但很快,靳斯言話音再次一轉,漫不經心吐出四個字:“約法三章。”

這個詞一出,戴星禮眉眼微不可見的輕頓。

靳斯言視線本就注意她,這點小舉動自然盡收眼底,但他卻依舊低沉著嗓音不緊不慢道:“無論是之前不同意解除婚約,還是現在任性的跑到我這來,懶得管。隻說從今天開始——”

“第一,道不同不相為謀,無論你是什麽目的,利用也好,別把心思多打在我身上。”

“第二,私人生活請互不幹擾。”

“第三,我隻負責你的溫飽,沒其他大事也請減去不必要的聯係,包括電話。”

筋骨分明的指豎起了三根,伴隨著那不輕不淡的語氣懶懶散散的在戴星禮眼前晃。

偏生這人眉眼又冷邪的很,話語擺明了便是和戴星禮劃分界限,簡直輕易便能恨的人牙都癢癢。

然而熟知靳斯言本性的戴星禮,卻是全然的習以為常。

心下歎息,麵上更是沒當回事,隻在聽完全部後隨意應了聲後,反問:“如若一方違約……逾越了呢?”

“那就自甘認罰。”靳斯言不以為意。

戴星禮頷首,下一瞬便單手微抬過耳邊,淺笑:“成,罰吧。”

靳斯言一頓。

戴星禮嗓音染笑,語調緩慢:“我認輸,我把持不住,我喜歡你。”

靳斯言大概是怎麽都想不到,戴星禮的回應能是如此。

操作一流完全不按套路的讓他都硬是沒能第一瞬反應過來!

“你……”

這次換成他,淺色的眸子都頓在了那良久,靳斯言才低聲嗤笑了下,徑直起身:“是嗎?但我不喜歡你。”

話音落下,便直接回了房間。

-

談判算是單方麵失敗,靳斯言冷漠如初,就和他那約法三章般一樣,真的就隻負責下戴星禮的溫飽,完全不打算深研究她什麽。

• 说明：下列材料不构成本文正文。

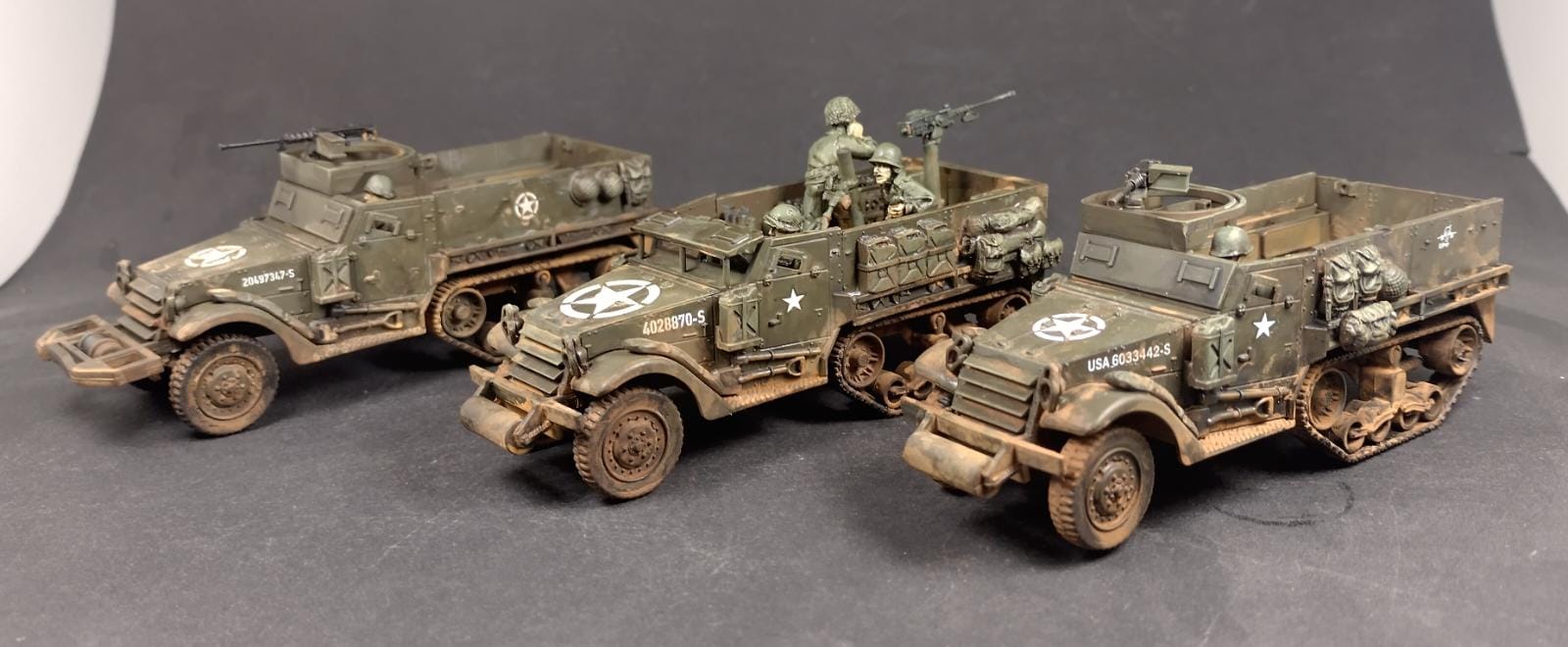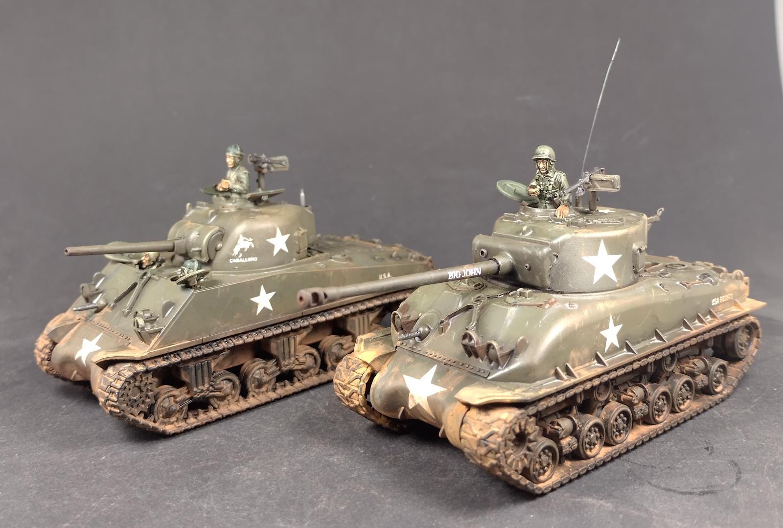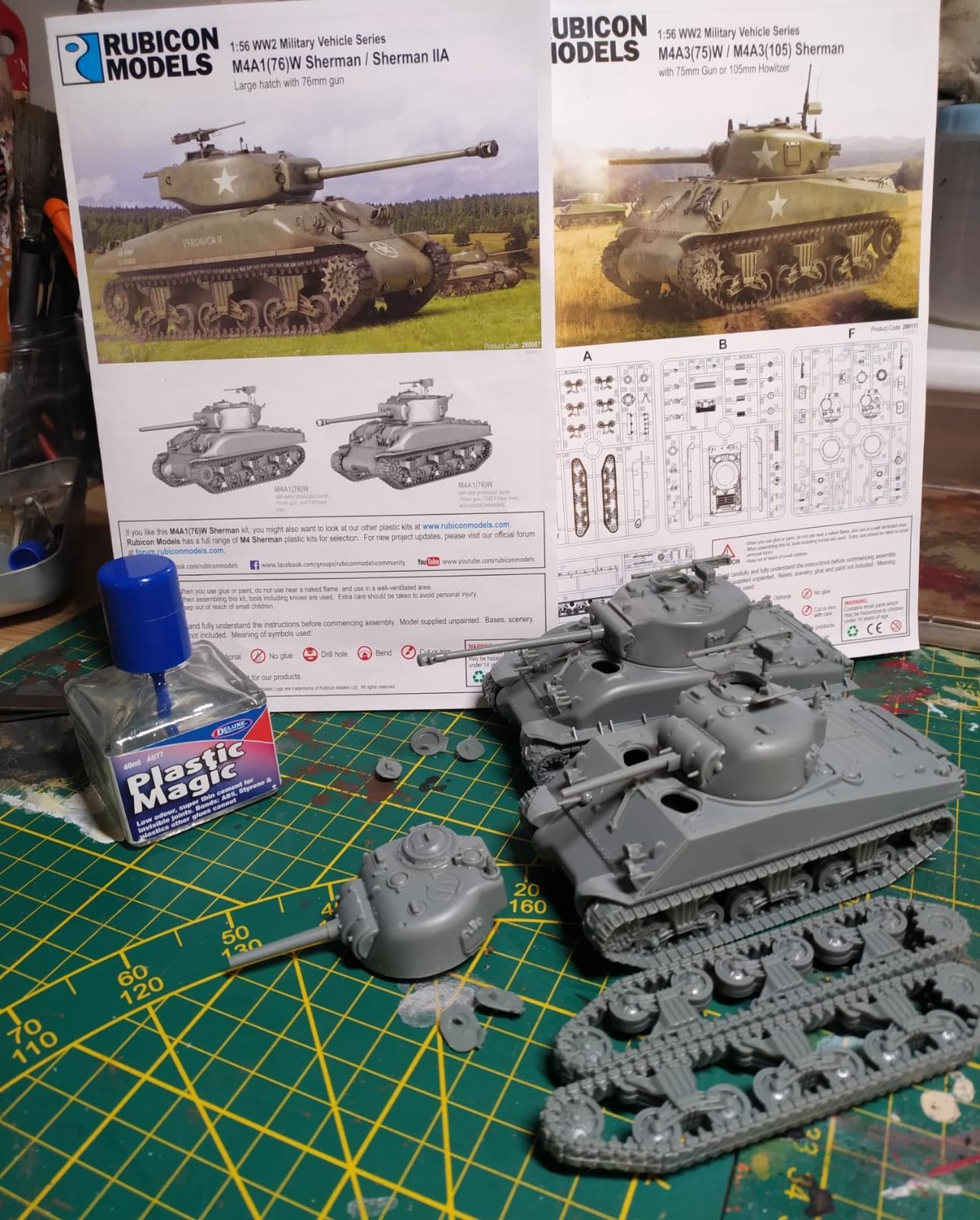 Einmal ein M4A1 76, welchen ich mit einem HVSS Fahrwerk aus dem Bausatz des M4A3 ausgestattet habe und den M4A3 mit "Winterketten". Natürlich kann man die Türme untereinander tauschen. Rubicon hat hier wieder mal feinstens abgeliefert.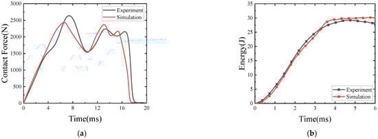 Comparison of experimental results and simulation results for sandwich structures with porosity f0 = 0.17 at 30 J impact energy, (a) Contact Force-deflection; (b) Energy-time.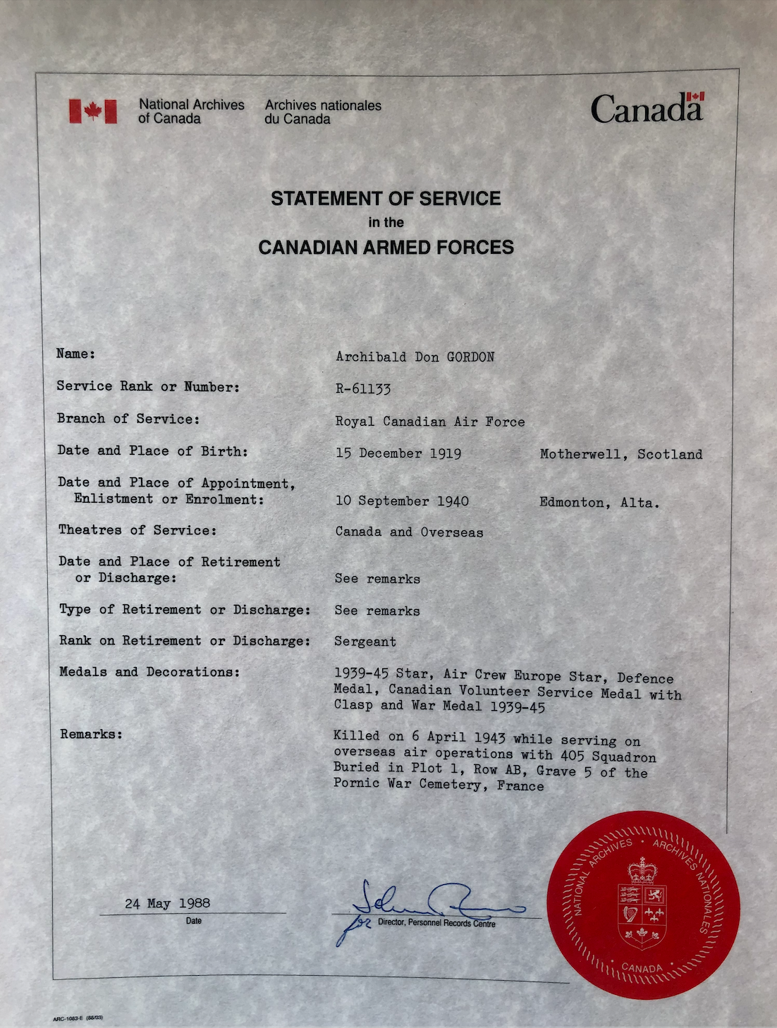 Sergeant Archibald Don Gordon was later confirmed dead. His body and those of his fellow crew members washed ashore in the area where their plane had been shot down over the Bay of Biscay off the coast of France.

然而戴星禮卻並不氣惱,反而覺得這樣的靳斯言饒有興趣。

正巧之前是靳斯言一點點靠近她,一步步引著她走向他。

那麽這次就反著來,由她戴星禮,親自找上靳斯言好了。

但追人什麽的,戴星禮還真就沒學過,哪怕對於靳斯言比較了解,但一時怎麽都無處下手。

她冥思苦想了幾天,最終還是借用了這世上萬能的瀏覽器。

度娘一下就知道,追人怎麽追?

網絡上的回答簡直千奇百怪。

什麽直接盛大告白,玫瑰花熱氣球,場麵得安排上!

戴星禮一翻千層,看的一個頭三個大。

最終尋到了一個還算看得過眼的——親自下廚。

靳斯言起得早,有時難以碰上,唯獨晚上從公司回來才能得以一見。

戴星禮摸點了幾天,差不多摸清靳斯言固定在哪個時間點回來,提前出門買菜收拾。

然而對於她這個廚藝白癡,下廚簡直就是上戰場。

於是等到六七點靳斯言開門進來時,就隻聽廚房傳來砰的一聲驚天響——

劇烈的濃煙瞬間便席卷而來,都未等靳斯言反應過來,他就隻看到一道身影咻的一下從廚房跑出,徑直奔向衛生間!

下一刻,熟悉的聲音伴隨著劇烈的咳嗦傳進耳中。

靳斯言這才反應過來,那是戴星禮!

簡直來不及多想,他第一瞬間便是直奔衛生間,還以為戴星禮出了什麽意外,結果迎麵,就和滿臉烏黑正要清理的小姑娘視線撞了正著。

雙方一時誰也沒能說話,氣氛刹那陷入死一般的尷尬。

然而不過幾秒,就隻聽廚房再次傳來砰的一聲巨響!

戴星禮猛地回神,連解釋都來不及,隻焦急向靳斯言大喊:“快,廚房那邊我還燉著湯,沒關火呢!”

靳斯言:“……”

十分鍾過後,物業找上了門,消防車和維修人員也緊隨其後。

戴星禮默默縮在沙發一角,吸溜著剛靳斯言臨時隔壁超市買的方便麵,想著這個做飯計劃——第一天就以失敗告終。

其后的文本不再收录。